SUPERIOR COURT OF NEW JERSEY APPELLATE DIVISION DOCKET NO. A-3408-22
KAYLA SINGLETARY and DAMIAR SUMTER, minors by their Guardian Ad Litem, ORTISHA LIGHTY, and ORTISHA LIGHTY, individually,
Plaintiffs-Appellants,
v.
ACORN NJ STRAIGHT APARTMENTS, LP, STILLMAN PROPERTY MANAGEMENT, GARTHCHESTER REALTY, and MHANY MANAGEMENT, INC.,
Defendants-Respondents. _________________________________
Submitted September 10, 2024 – Decided December 19, 2024
Before Judges Firko and Bishop-Thompson.
On appeal from the Superior Court of New Jersey, Law Division, Passaic County, Docket No. L-3858-20.
Brazza Law, LLC, attorneys for appellants (Caesar D. Brazza, on the briefs). Lewis Brisbois Bisgaard & Smith, LLP, attorneys for respondent Mhany Management Inc. (Colin P. Hackett, of counsel and on the brief; Georgia D. Reid, on the brief).
PER CURIAM
Plaintiffs Ortisha Lighty and her minor two children, Kayla Singletary and
Damiar Sumter (collectively plaintiffs), appeal from the denial of their motion
for a new trial following a unanimous no-cause jury verdict in this negligence
action for mold exposure brought against defendants Acorn NJ Straight
Apartments, LP, Stillman Property Management, Garthchester Realty, and
Mhany Management, Inc.
Plaintiffs claim cumulative trial errors produced an unjust result. In that
regard, plaintiffs argue (1) the jury was improperly charged with standard
negligence and not the duty of a landlord; (2) the jury verdict sheet was
confusing; (3) defendants improperly bootstrapped the opinions of a non -
testifying physician during cross-examination; (4) defendants improperly
referenced prior lawsuits and painted plaintiff as a "serial litigant"; (5)
defendants improperly bootstrapped the opinions of a non-testifying physician
during closing arguments to argue Lighty was "lying" about the cause of
injuries; (6) defendants improperly used the adverse inference charge; and (7)
defendants called Lighty a "liar" and "shameful" during closing argument.
A-3408-22 2 Before the trial court, plaintiffs raised three claims: (1) the improper jury charge
regarding the landlord's duty; (2) the verdict sheet was confusing; and (3) the
jury heard several remarks made by defense counsel which were prejudicial and
capable of producing an unjust result.
Having reviewed the record on appeal, we conclude there was no
miscarriage of justice, and the court properly exercised its discretion.

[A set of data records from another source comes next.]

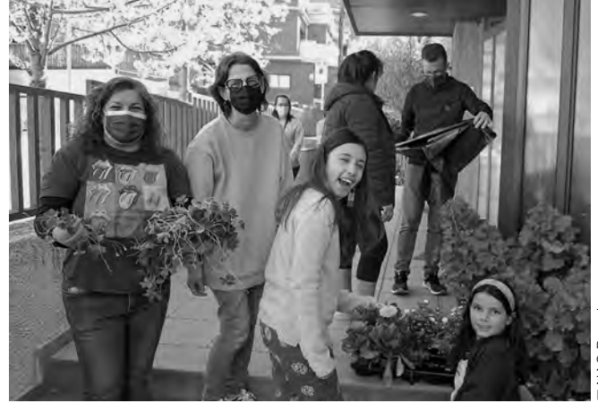
■ NAC Barcelona

Children in Barcelona in Spain planted ornamental and edible plants in the church garden in April this year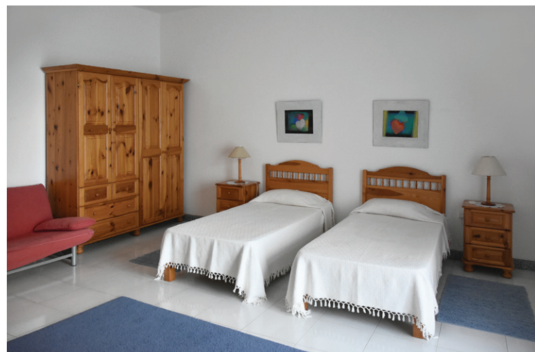
Private Bedroom with shower ensuite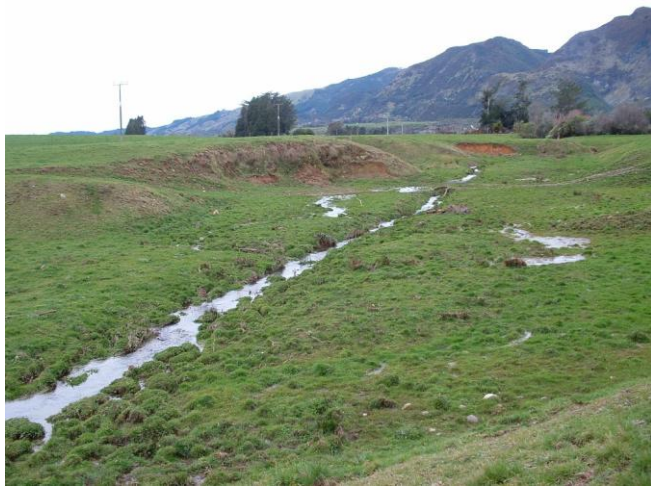
Figure 1a: Berkett Creek downstream of the wooded section (average width 0.6 metres)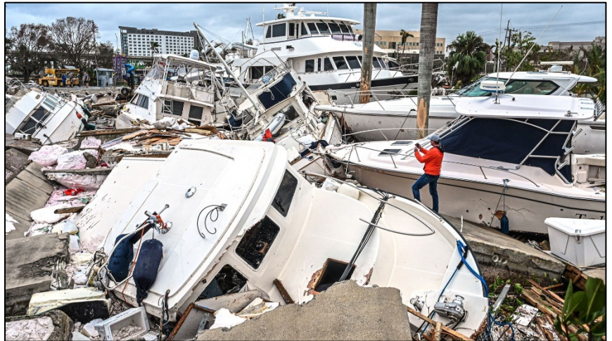
Boats damaged by Hurricane Ian in Fort Myers, Florida, in September 2022.

Other natural catastrophes of 2022 include European winter storms, flooding in Australia and South Africa, and hailstorms in France and the United States, the report said. The $4 billion in flooding losses in Australia in February and March comprised the country’s costliest-ever natural catastrophe, Swiss Re said.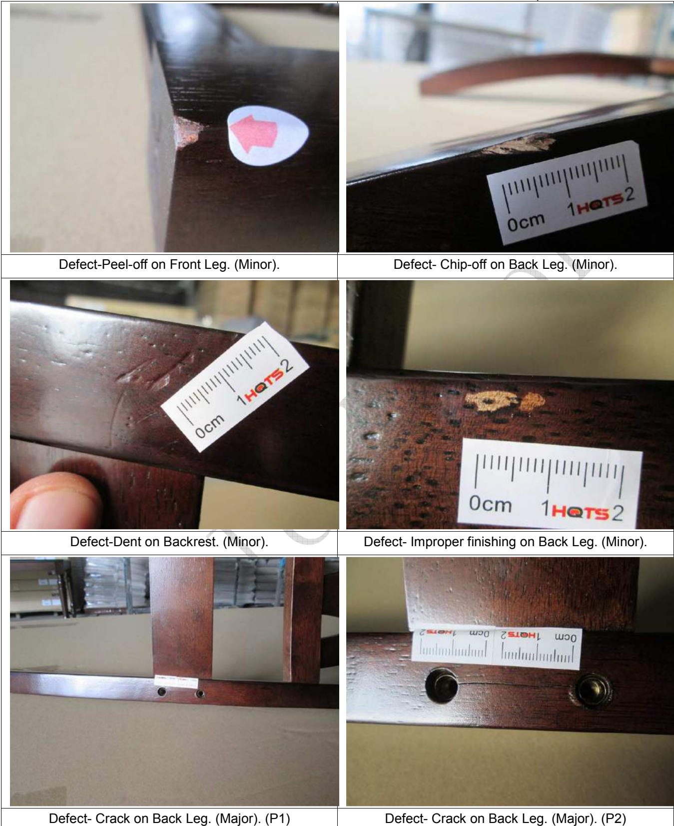
Report No: H-18012922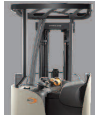
Drive-in Rack Overhead Guard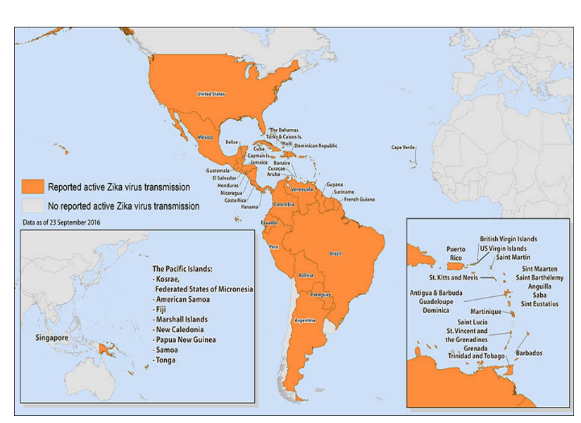
All Countries & Territories with Active Zika Virus Transmission; U.S. Centers for Disease Control and Prevention, November 2016

Since the emergence of Zika in Brazil in 2015, Zika virus has spread rapidly throughout Latin America and the Caribbean. Currently, Zika outbreaks are ongoing in 61 countries and territories, including in Mexico, where the highest numbers of cases are in the southern part of the country. However, the U.S. Centers for Disease Control and Prevention considers any travel to Mexico to be a risk for Zika infection. Individuals have been infected in popular tourist destinations including Cancun, Acapulco, Cabo San Lucas, Puerto Vallarta, Ixtapa, Mazatlan, and most recently, Ensenada, a coastal city in Baja Norte California. Local Zika virus transmission in Baja California Norte increases the risk that California residents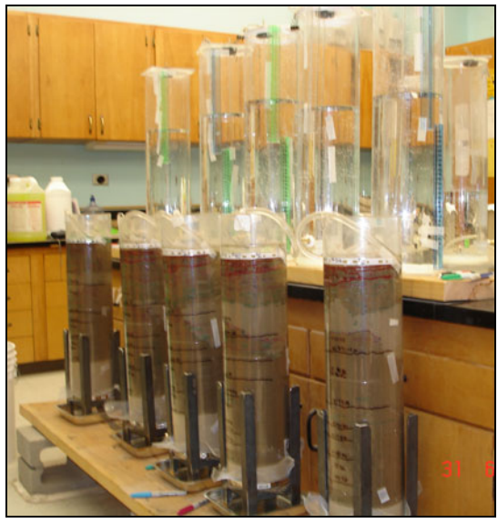
Figure 2. Irrigation of one treatment set during infiltration rate experiment.

Hence, the drops in the reservoir's water levels over time represented the infiltration rate. Water levels were recorded every 2 to 5 minutes for sand, and 3 to 10 minutes for silt until the soil column reached saturation and began to drip water. The infiltration rate decreased exponentially over time, as shown.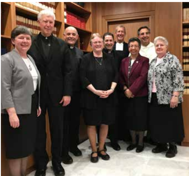
Several of the visits were made jointly with the CMSM delegation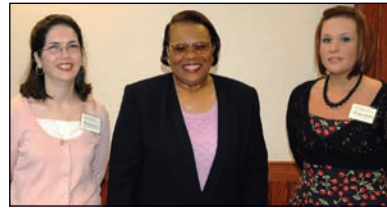
Mary Meux Toney Scholarship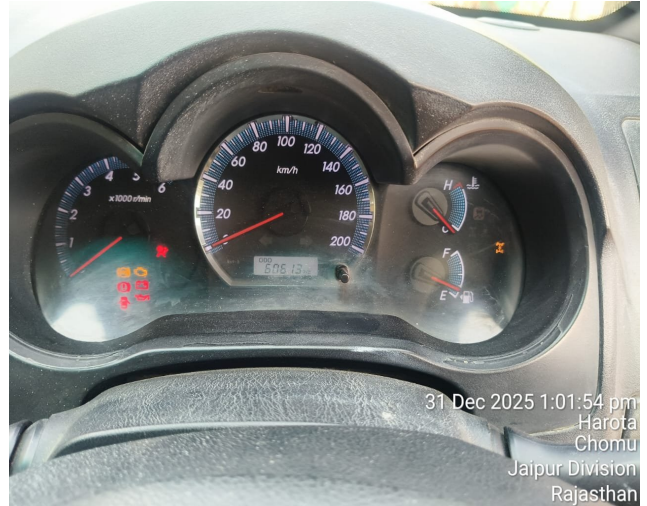
31 Dec 2025 1:01:54 pm Harota Chomu Jaipur Division Rajasthan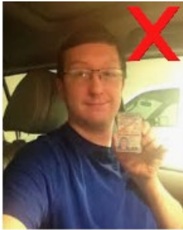
Figure 3- BAD SELFIE (Light glare)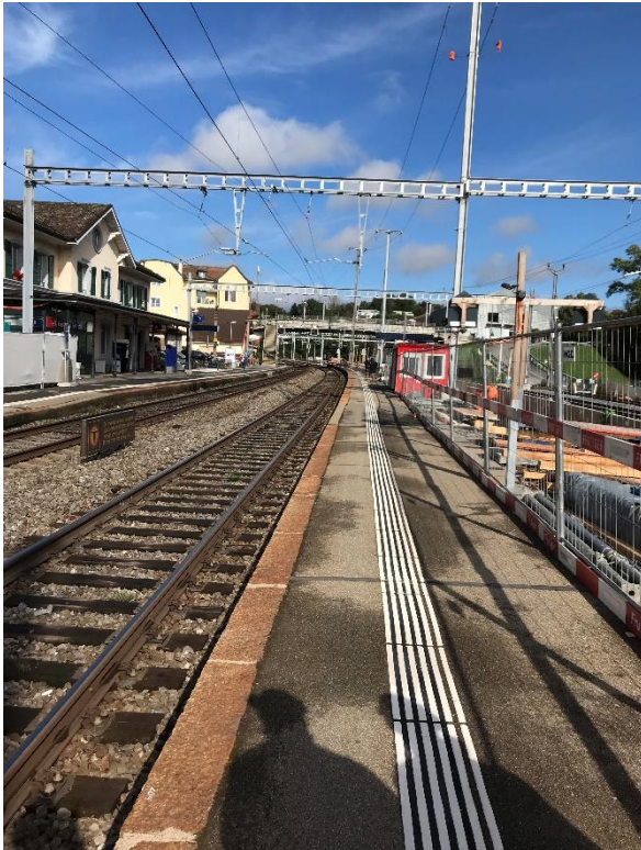
View of the platform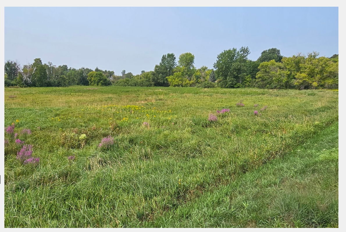
View of wetland from Hwy 97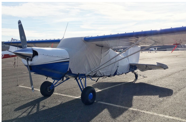
Maule M-5-235C Extended Canopy Cover, Empennage Cover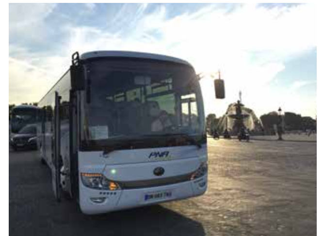
Yutong bus at the Place de la Concorde

Zigzagging through the streets in Paris, Yutong tourist coach is surely an eye-catcher in the crowd thanks to its uniquely fashionable design and overpowering body structure. While on an urban tour with Yutong coach, tourists experience a host of comforts on board, leaving all of them an unforgettable traveling experience.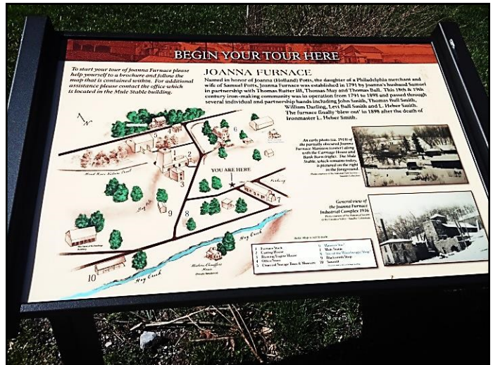
One of the new informational and interpretative signs which are installed at the Joanna Furnace complex to assist visitors in understanding the historic significance of the site. Additional signage will be added in 2016.

The festival committee is working on adding evening entertain-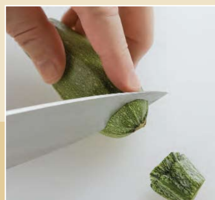
2 Trim off the ends of the zucchini.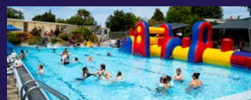
Summer Pool Parties 9 January–12 February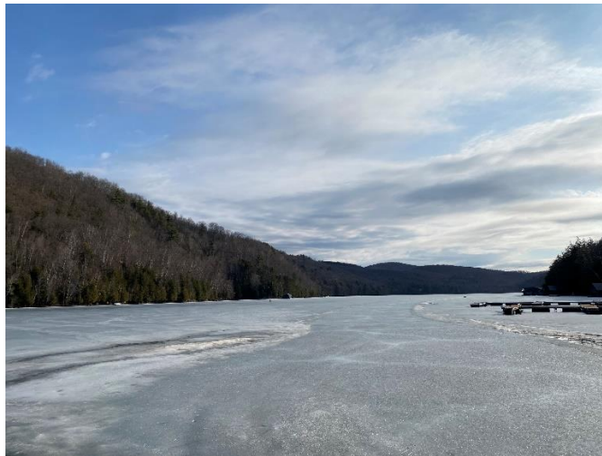
Picture taken from the landing on April 15 th

Please send us your completed form to dg@barkmere.ca .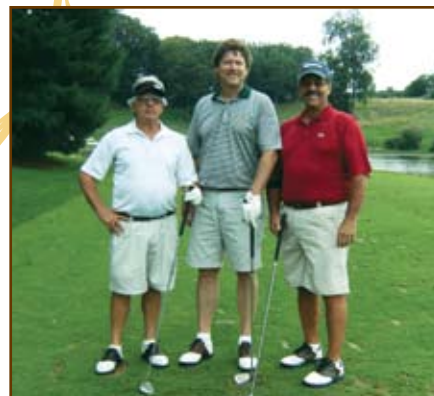
Metro Taxi Team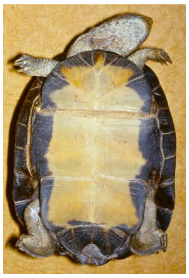
Figure 2. Pelusios sinuatus, adult female from Mpumalanga, South Africa.

onymized by Siebenrock (1903) and confirmed by Loveridge (1941). The validity of this distinctive species has never been questioned, but two subspecies have been described. Pelusios sinuatus zuluensis Hewitt 1927 was described on the basis of a series from the Umsinene River, northern KwaZulu-Natal, which were distinguished from the typical form by well developed median protuberances on vertebrals 3 and 4 and their upturned posterior marginals, both variable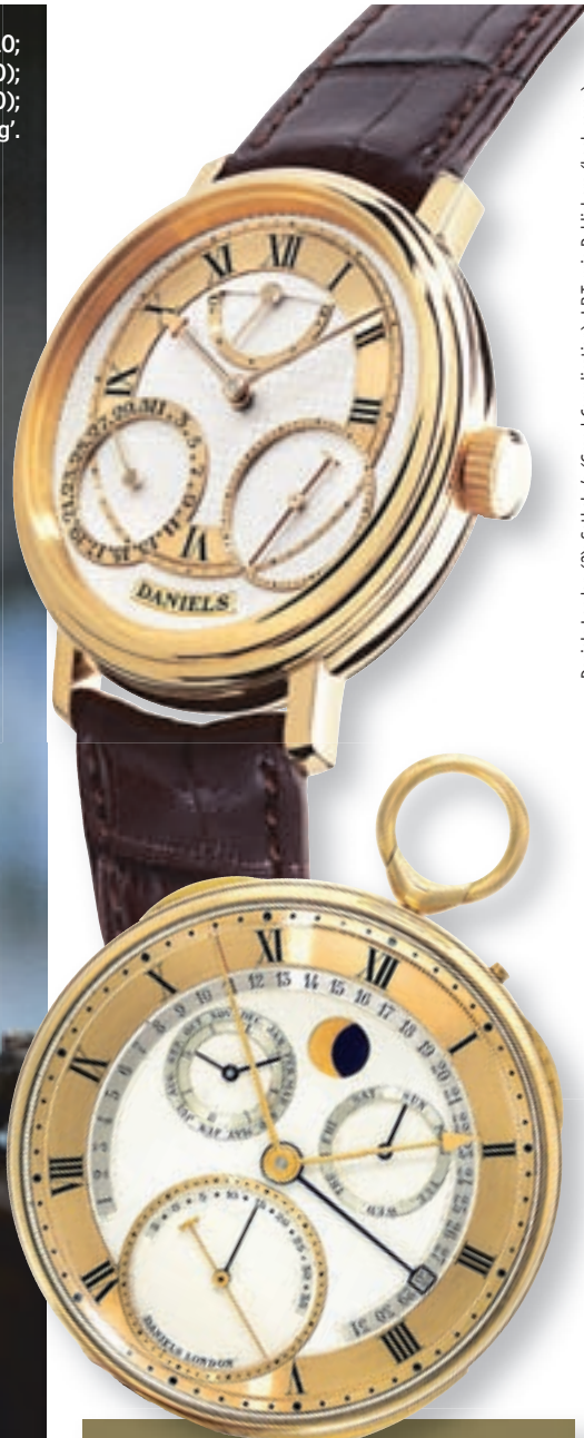
Daniels London (2); Sotheby's (Grand Complication); I.B.Tauris Publishers (book cover)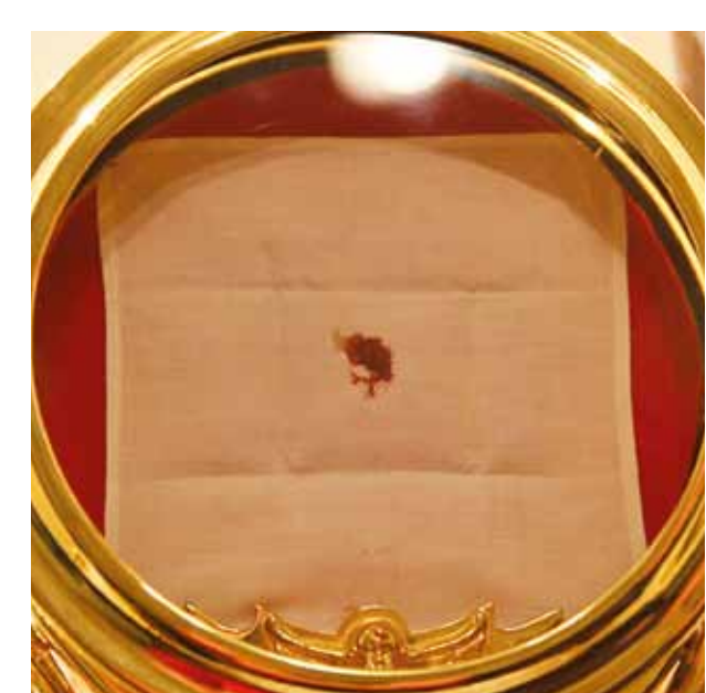
The fragment of the partially dissolved Host with the blood colored substance emanated from its interior is the relic that was placed on the white corporal with an embroidered red cross.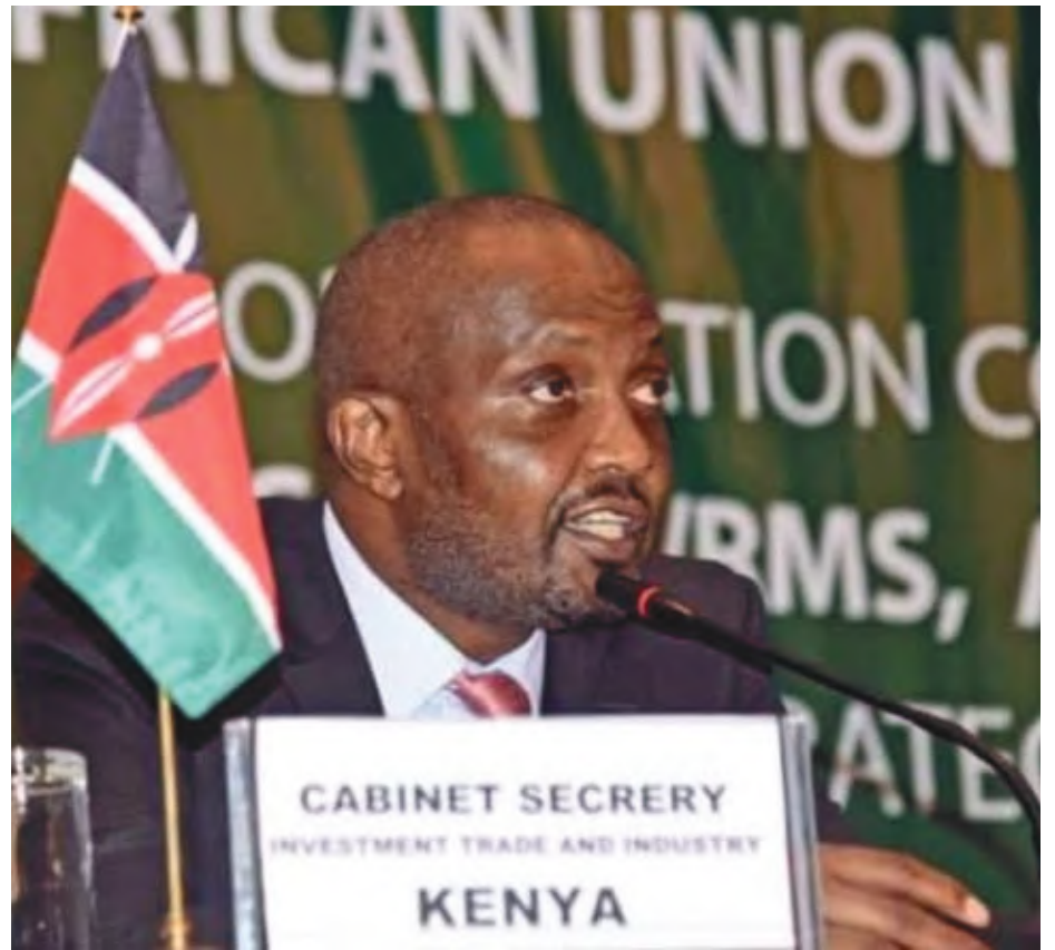
Investments, Trade and Industry Cabinet Secretary Moses Kuria during a past event.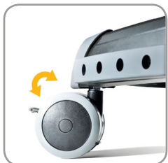
Caster base with locking wheels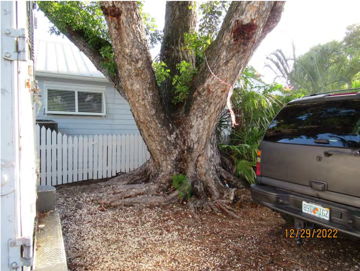
Photo of base of tree and main trunks.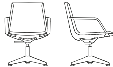
GGRA16-141 Guest, mid back, polished arms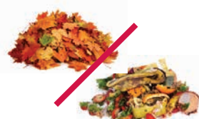
Yard & Food Waste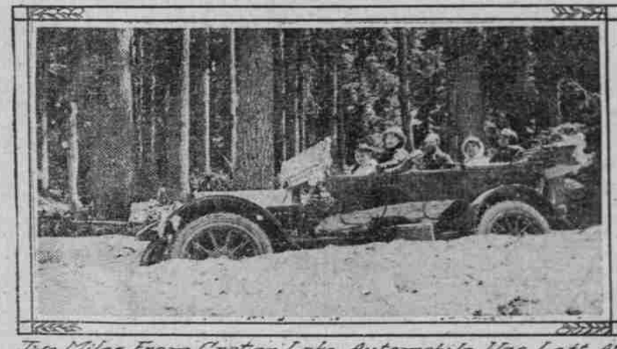
Two Miles From Crater Lake, Automobile Was Left At This Point

Governor's Party Opens Season With Visit June 24 and 10,000 Tourists Are Expected at Resort During Season.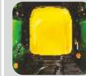
Side shift control levers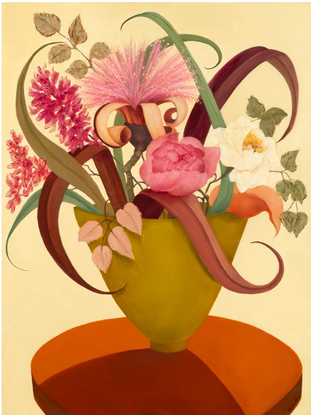
Oh! it's a sunny day oil on board 80 x 60 cm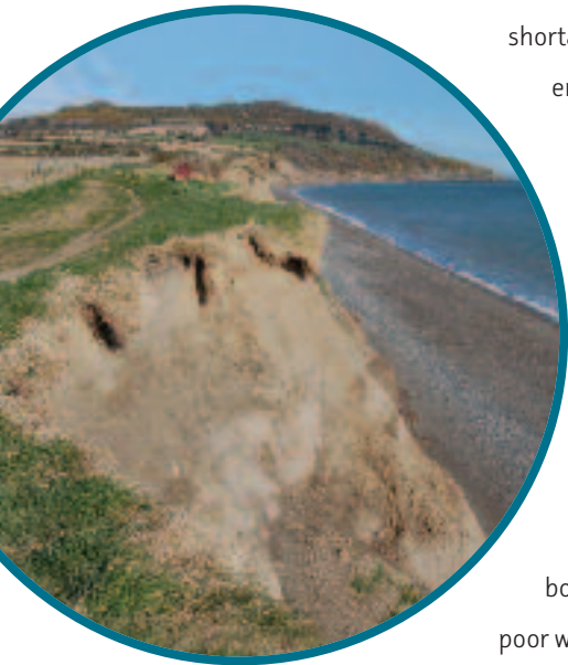
Erosion of the cliffs north of Greystones. The location of coastal paths must be considered carefully in the light of increasing rates of coastal erosion.

However, it's not all bad news for tourism. For example, climate change can bring with it a number of opportunities which operators can capitalise upon, and others which we may not even be able to foresee at this time. A case in point is nature-based tourism, which is likely to see both positive and negative impacts from climate change.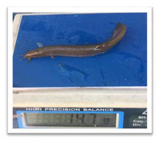
Figure 2. Initial and final fish from the fish tanks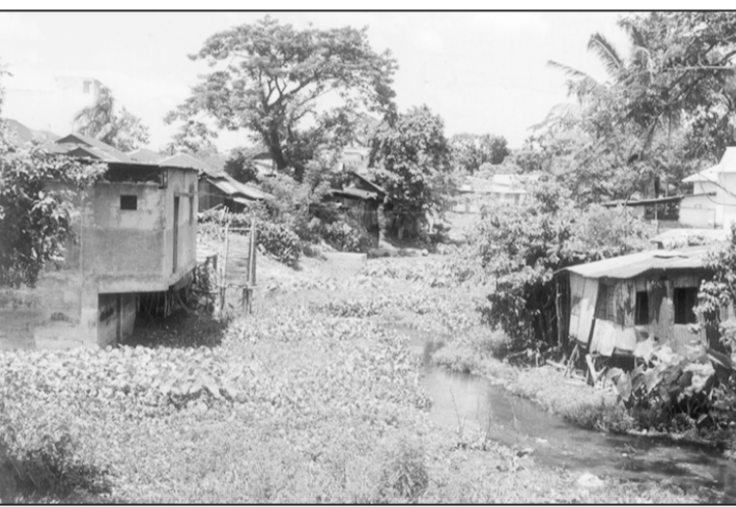
PHOTO: STAR Potential turns into problem: (Left) The Narasundha river flowing through Kishoreganj town has become a breeding ground for mosquitoes as it has been totally covered with water hyacinth. (Right) At Bara Bazar in the town the river has become a canal due to encroachment by unscrupulous people. The river needs to be saved by demolishing unauthorised structures and re-excavating to keep the environment of the town free from pollution.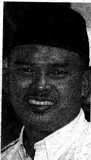
Idris: 'He must have found it difficult to let go'

We,
therefore, affirm the June 23, 2023 order denying plaintiffs' motion for a new
trial.
I.
We recite the facts from the three-day jury trial held in May 2023.
Numerous exhibits were admitted in evidence. We limit our summary of the
evidence adduced at trial to plaintiffs' trial error claims.
A. Orisha Lighty
Lighty testified she and Damiar moved into a two-bedroom, one bathroom
apartment in 2009 shortly after the building was completed. Kayla was born
shortly thereafter. After residing in the apartment for a few years, the bedroom
windows leaked water into the apartment during rain. Consequently, she often
made verbal complaints to MHANY, followed by emails or text messages to
MHANY's Executive Director Ismene Speliotis.
A-3408-22 3 According to Lighty, beginning in 2019, she and her children began to
experience health issues. Lighty repeatedly went to the doctor and the hospital
for breathing issues, headaches, and chest pain. Lighty's primary care physician
ultimately prescribed antibiotics and an inhaler. Lighty testified that she
attributed her health issues to mold exposure.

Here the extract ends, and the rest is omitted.